» WORK REQUIRED
In the records below, find the line with "Adidas阿迪达斯外套男女春秋运动服连帽开衫卫衣经典款三道杠夹克" and the line with "回到游客中心等待巴士的时候,再次和那些目". Print both exactly, along with every line between them, and no other line.

» DATASET ENTRIES
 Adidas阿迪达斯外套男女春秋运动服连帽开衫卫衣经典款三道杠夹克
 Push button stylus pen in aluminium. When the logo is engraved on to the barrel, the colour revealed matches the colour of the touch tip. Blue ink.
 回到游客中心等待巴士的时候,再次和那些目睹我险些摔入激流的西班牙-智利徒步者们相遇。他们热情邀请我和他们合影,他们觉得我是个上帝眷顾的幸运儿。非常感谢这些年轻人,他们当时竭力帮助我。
...
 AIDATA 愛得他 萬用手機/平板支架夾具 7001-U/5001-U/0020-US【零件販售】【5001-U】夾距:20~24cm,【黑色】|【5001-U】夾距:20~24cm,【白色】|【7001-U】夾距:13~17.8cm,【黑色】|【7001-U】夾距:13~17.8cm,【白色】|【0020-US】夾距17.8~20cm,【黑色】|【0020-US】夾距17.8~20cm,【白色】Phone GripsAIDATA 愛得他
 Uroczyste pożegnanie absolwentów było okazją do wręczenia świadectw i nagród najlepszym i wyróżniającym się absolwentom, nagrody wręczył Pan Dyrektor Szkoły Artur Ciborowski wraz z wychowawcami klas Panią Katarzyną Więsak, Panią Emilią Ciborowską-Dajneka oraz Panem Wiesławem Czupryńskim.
==
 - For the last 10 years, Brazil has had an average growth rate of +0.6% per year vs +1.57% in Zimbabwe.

» TASK RESPONSE
 Adidas阿迪达斯外套男女春秋运动服连帽开衫卫衣经典款三道杠夹克
 Push button stylus pen in aluminium. When the logo is engraved on to the barrel, the colour revealed matches the colour of the touch tip. Blue ink.
 回到游客中心等待巴士的时候,再次和那些目睹我险些摔入激流的西班牙-智利徒步者们相遇。他们热情邀请我和他们合影,他们觉得我是个上帝眷顾的幸运儿。非常感谢这些年轻人,他们当时竭力帮助我。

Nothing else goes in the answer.